Goals and Objectives
- Become familiar with the different modalities available for the collection of hematopoietic stem cells (HSC) from peripheral blood,bone marrow, and cord blood.
- Understand the use of CD34 in assessing the adequacy of collection
- Understand the method of CD34 enumeration by flow cytometry.
- Become familiar with the different ways of processing the stem cell collection, i.e. removal of RBCs or plasma for ABO incompatible allo-BMT, T cell depletion, purging.
- Become familiar with the freezing and storage of HSCs.
- Become familiar with the HSC thawing and infusion process and complications of infusion.
Viral Testing RotationFellows spend up to one week in the Donor Testing Laboratory with the supervisor or technologists observing the methods used to perform viral testing. The fellow will discuss with staff the testing algorithms and the use of screening and confirmatory tests in donor testings.
Goals and objectives
- Understand the interaction of the CAP, AABB, CLIA, and FDA in the regulation of patient and donor testing.
- Learn the biology and natural history of hepatitis A to G. HIV-1, HIV-2, HTLVI/II, and West Nile Virus
- Understand the algorithms for EIA viral testing and learn limitations of current assays.
- Become familiar with supplemental tests and when to use them.

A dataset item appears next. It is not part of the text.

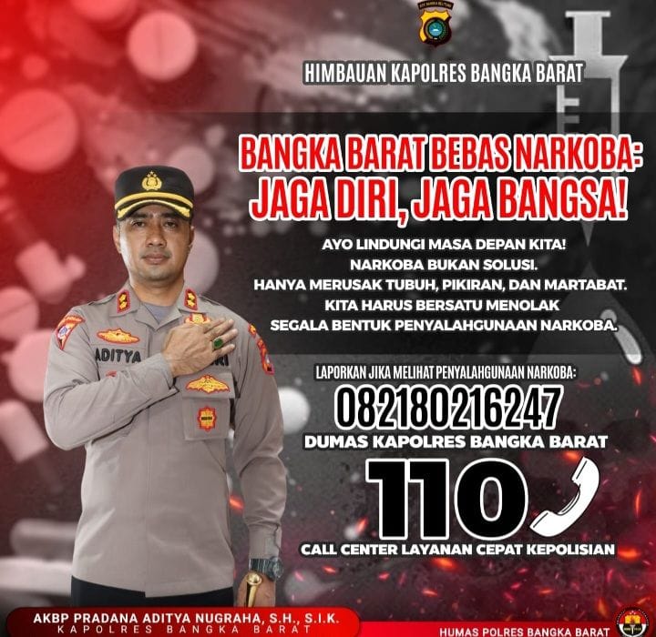 “Kami mengajak seluruh masyarakat Bangka Barat untuk bersatu menjaga lingkungan dari bahaya narkoba. Ini bukan hanya tugas kepolisian, tapi tugas kita bersama. Mari jaga diri, jaga keluarga, dan jaga bangsa dari ancaman narkoba,” tegas AKBP Pradana Aditya Nugraha.

- Become familiar with polymerase chain reaction based assays for viral testing.
Histocompatibility RotationFor one week, fellows rotate through the HLA laboratory at the University of Pittsburgh. He/she observe serological and molecular methods for class I and class II typing. Fellows will discuss with staff the use of HLA typing in the platelet donor, stem cell, and organ transplant setting.
Goals and Objectives
- Understand when and why serologic, cellular, and DNA assays are important to the transplant patient.
- Understand which techniques for HLA typing are useful in each type of solid organ transplant.
- Understand how various techniques for antibody screening and crossmatching are important in evaluating the donor and recipient.
- Understand the relevance of allelic mismatches defined by DNA techniques in bone marrow transplantation.
- Understand the clinical relevance and techniques for monitoring bone marrow engraftment.
- Obtain an overview of the type of cases, problems, and challenges facing a clinical histocompatibility laboratory.
Conferences and Meetings
|Name of Conference||Frequency||Department Responsible|
|Stem Cell Transplant Transfusion Meeting||Weekly||Hematology|
|Medical Grand Rounds||Weekly||Medicine|
|Hemophilia Meeting||Weekly||Hemophilia Center|
|Medical Staff Meeting||Bi-Weekly||ITxM|
|Coagulation Staff Meeting||Bi-Weekly||ITxM|
- The fellow can participate in providing recommendations to the transplant service house staff for transfusion support, particularly platelet transfusions.
- Passive participation.
- Fellows are exposed to hemophilia patients and their management.
- Active participation. The fellow may submit agenda items for discussion and is expected to actively contribute to the discussions. Fellows present journal club articles during medical staff meetings 2-3 times/year in rotation with pathology residents. Administration issues are discussed.